Python 如何在使用np.where进行计算后保留数据帧/列和索引名?
我有两个不同的pd.DataFrame: dailyRtn 平均 可使用以下代码复制:Python 如何在使用np.where进行计算后保留数据帧/列和索引名?,python,pandas,numpy,Python,Pandas,Numpy,我有两个不同的pd.DataFrame: dailyRtn 平均 可使用以下代码复制: dailyRtn = pd.DataFrame([["2017-12-25", 0.069392, 0.124916, 0.119108], ["2017-12-26", 0.020000, 0.100000, 0.080000], ["2017-12-27", 1.000000,
dailyRtn = pd.DataFrame([["2017-12-25", 0.069392, 0.124916, 0.119108],
["2017-12-26", 0.020000, 0.100000, 0.080000],
["2017-12-27", 1.000000, 1.200000, 1.500000]],
columns = ["date", "A", "B", "C"])
averageofP = pd.DataFrame([["2017-12-25", 0.059392, 0.894916, 0.419108],
["2017-12-26", 0.021000, 0.100000, 0.990000],
["2017-12-27", 1.500000, 1.100000, 1.800000]],
columns = ["date", "A", "B", "C"])
我尝试使用上面的2个df进行条件计算:
downsideDev = np.where(dailyRtn < averageofP, dailyRtn, "")

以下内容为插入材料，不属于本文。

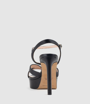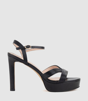 The SIERRA110 platform sandal by Filippo Raphael for Edward Meller is a statement style from the Platinum Collection. Crafted with wide straps featuring a distinctive ribbed effect, it balances bold design with refined detail. Set on 110 mm block heels and grounded by a supportive platform, this pair offers height with stability. The buckle-fastening ankle strap ensures a secure fit, while the leather lining keeps things comfortable. Perfect for event dressing or adding drama to your evening wardrobe.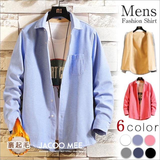 カジュアルシャツ メンズ シャツ 長袖 シャツ 裏起毛 ボタンダウンシャツ ビジネスシャツ 通勤 通学 無地 厚手 シャツ 冬 新作

然而,当我看一看我以前的专栏:a、B、C等和日期:2017-12-27等都不见了,都是简单的整数+它不再是数据帧了。如何修复此问题?IIUC,您可以使用set\u索引,然后在数据帧构造函数中包含索引和列
dailyRtn = dailyRtn.set_index('date')
averageofP = averageofP.set_index('date')
downsideDev = np.where(dailyRtn < averageofP, dailyRtn, "")
downsideDev_df = (pd.DataFrame(downsideDev, index=dailyRtn.index, columns=dailyRtn.columns)
.reset_index())
print(downsideDev_df)
你也可以在没有np.where的情况下尝试这个方法,因为np.where遗漏了你需要的信息。这种方法是熊猫特有的:一种条件选择加上fillna
预期产量是多少?请注意,numpy.where输出是ndarray或tuples,因此,如果您希望输出是一个数据帧,那么您需要从结果数组创建一个数据帧。预期输出是如上所述的数据帧。我知道输出是随机的。当我这样做时:downlessdev=pd.dataframedownlessdev,它会删除我想要保留的索引和列名。请记住,我有超过20列和许多行。@AlexanderThomsen如果这个解决方案对您有帮助,您介意吗。对不起,我不得不做些什么,全部完成:!。无法查看,因为我没有足够的声誉点数。downlessdev=np.wheredailryrtn
downsideDev = np.where(dailyRtn < averageofP, dailyRtn, "")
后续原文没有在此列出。